Старушка подняла на него взгляд — впервые за весь разговор в её лице читалось что-то похожее на растерянность.
— Ты не боишься, — сказала она, и это прозвучало не вопросом, а констатацией, которая её саму озадачила.
— А чего бояться? — Григорий посмотрел куда-то вдаль, на детей, гоняющих мяч у пруда. — Я похоронил жену три года назад. Друзей почти не осталось — кто умер, кто просто перестал звонить. Дочь у меня, конечно, хорошая, но у неё своя жизнь, свои дети, ей не до стариковских звонков. Я не то, чтобы хочу умереть. Я просто... не особо держусь за то, что осталось.
Старушка отложила спицу на колени, не донеся до нити.
— Обычно здесь плачут, — сказала она тихо, — или просят, или спорят со мной, доказывают, что не заслужили. А ты просто сидишь.

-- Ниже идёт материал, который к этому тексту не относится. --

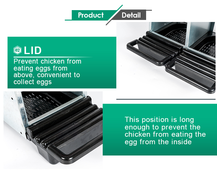 The laid eggs roll delicately in their receptacle and are then protected from dirt, they are also protected from pecks and therefore cannot be eaten. The eggs laid in these nests are not accessible by the hens and therefore cannot be brooded.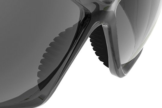 - Rubber nose pad and co-injected temple pads for superior comfort and a non-slip fit

— А что толку спорить со смертью, — усмехнулся Григорий, и в усмешке этой не было ни капли позёрства, только усталость немолодого человека, много повидавшего. — Она приходит, когда приходит. Что я, торговаться буду? Мне уже поздно торговаться.
Она смотрела на него долго, будто пытаясь понять что-то, чего сама не могла объяснить себе. Обычно в этот момент — момент узнавания, когда человек понимает, что происходит, — наступал страх, и этот страх был частью ритуала не меньше, чем сама спица: он придавал вес тому, что она делала, оправдывал каждое движение. А тут — ничего. Только спокойное, будничное принятие, как будто она была не вершительницей судеб, а обычной медсестрой, пришедшей сделать укол.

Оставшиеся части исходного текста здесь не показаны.